# Pinnacle subflooring



## bluebird5 (Dec 13, 2010)

Pinnacle subflooring by Norboard anyone use it or have any experience with it? I was going to use it as apposed to advantech. I have looked at it and it looks like it is pretty nice. It has much smaller, tighter chips than regular osb subfloor. 

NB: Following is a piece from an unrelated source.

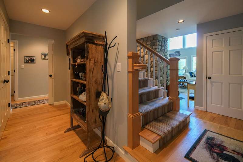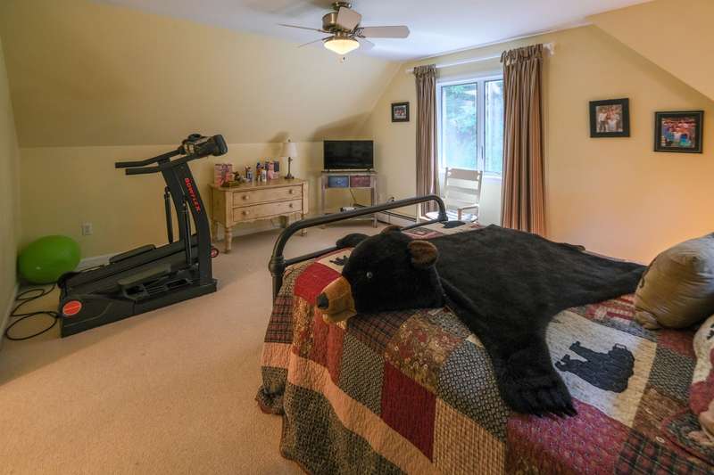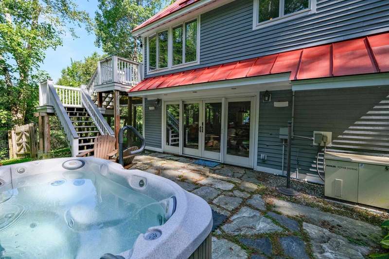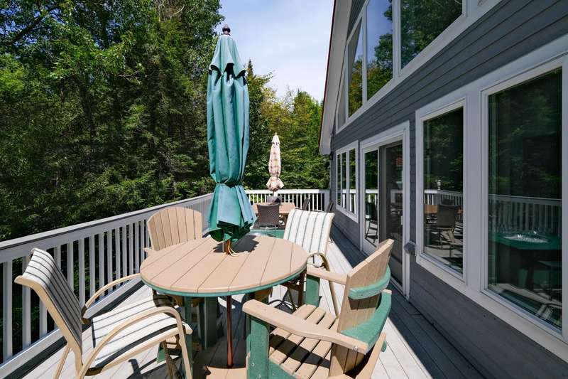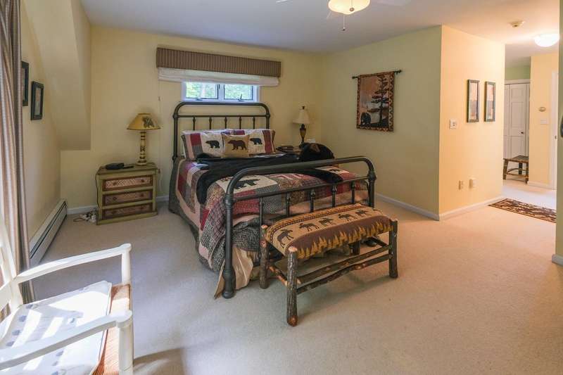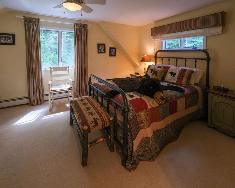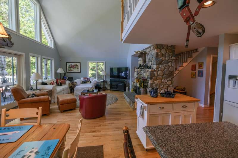 Okemo Valley home that offers total privacy and beautiful mountain views. Three floors of living include a ground-level family room (designed for both kids and adults), a game room, wood floors, quality cabinetry with a wine fridge and sink, a small office/bonus room, a 3/4 bathroom, and a laundry room. The main level features a soaring open floor plan with a stone wood-burning fireplace, two guest rooms, and a full bath. The kitchen has stone countertops and a convenient breakfast bar. The upper level is a private en-suite with a loft sitting area, office space, full bathroom, and bedroom. The front yard offers a stone wall and gardens equipped with a sprinkler system. The backyard is fully fenced with a stone patio and a hot tub surrounded by natural shade. The property offers a detached two-car garage with unfinished studio/storage space above. A must-see property view the tour for full details! Visit the Okemo real estate community today. Taxes are based on current town assessment

They have 100 day no sand warranty and 50 year warranty on the product itself which doesn't seem very long.


----------



## JAH (Jul 27, 2014)

I used it on my last big addition. Think it was $7 cheaper per sheet than advantech. The deck saw a fair amount of water before the roof was on. The edges swelled but not enough to sand.


----------



## bluebird5 (Dec 13, 2010)

How much is a fair amount of water?


----------



## JAH (Jul 27, 2014)

Its was exposed for about 1 month of the worst winter we have had in a long time. The day after the deck was put down we got a 3' blizzard. 
That deck was constantly covered in slush. 
I'm going to start using pinnalce on the small jobs that will get covered quickly.


----------



## BradingCon (Dec 17, 2010)

Wish I had some options for subfloors in my small town. I can get advantec but it must be ordered with a long lead time. Even the hd here doesn't carry anything stock but osb.


----------